This quant comparison question looks seemingly difficult. Really. Quantity A and quantity B can't be solved exactly. But remember, in quant comparison questions, it may not be about solving for a or B, it may just be about moving if A or B can be greater. So let's look at the two constraints. It says X * y is negative.
And X * y ^2 is positive if X * y is negative. It just means that either X or Y must be negative because a negative times a positive is negative. Now the other constraint has X * y ^2 is positive, so we know that those multiplied together.
Is positive, is greater than 0, and those both must be positive, both parts must be positive, or both parts must be negative. So let's start off with considering that X is positive and Y is negative. If X were positive in the second constraint, we would have a positive number times a negative number squared, which is actually positive, so both parts would be positive.

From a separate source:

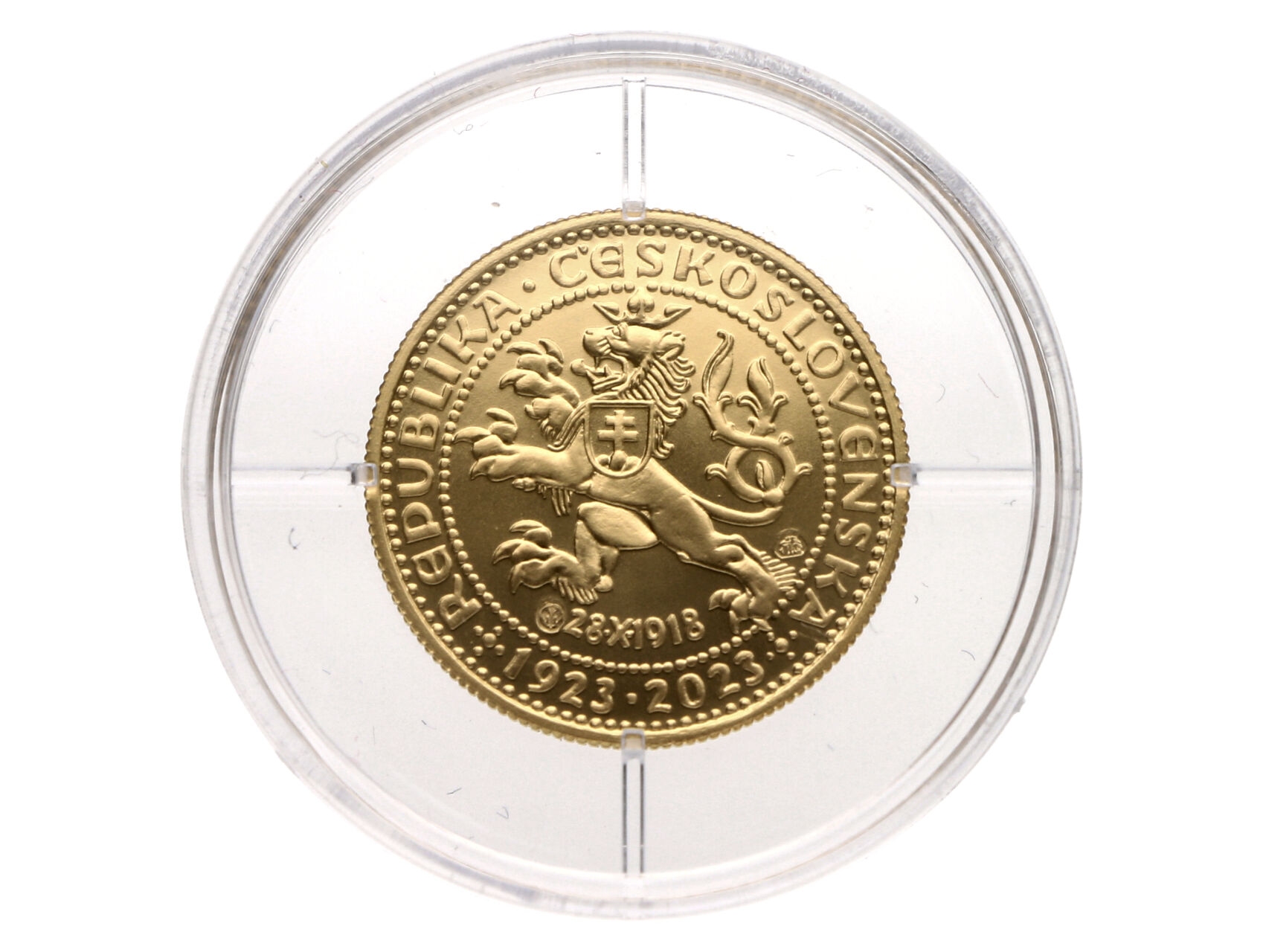 Česká republika 1993 - AU soutěžní návrh na první československé dukáty z roku 1923 - Josef Šejnost - dukát, Au 986/1000, 20 mm, 3,49 g., náklad 100 ks, certifikát, etue, Kremnica 2023

That would fulfill the constraint. So we have one situation where we know for sure X is positive, and let's try the other one just to make sure, where Y is positive and X is negative. If X were negative, we would have a negative number times y ^2, which is still positive. That's actually negative. Those two parts are opposite. X * y ^2 in that case would be negative, So that's not actually possible given this constraint, so.
We can actually know for a fact that X is positive and Y is negative because they must be opposites based on that first constraint. So if X is positive and Y is negative, we can solve for quantity B. Or we can determine something about quantity B if Y being -, y ^2 is still positive and X.
In the denominator doesn't really matter in considering if quantity B is positive or negative. So we actually have a positive over a positive that guarantees that quantity B is positive. Quantity A we already know from the first constraint is negative, so quantity B is positive and quantity A is negative. We can actually stop right there. We know for a fact that quantity B must be greater than quantity A.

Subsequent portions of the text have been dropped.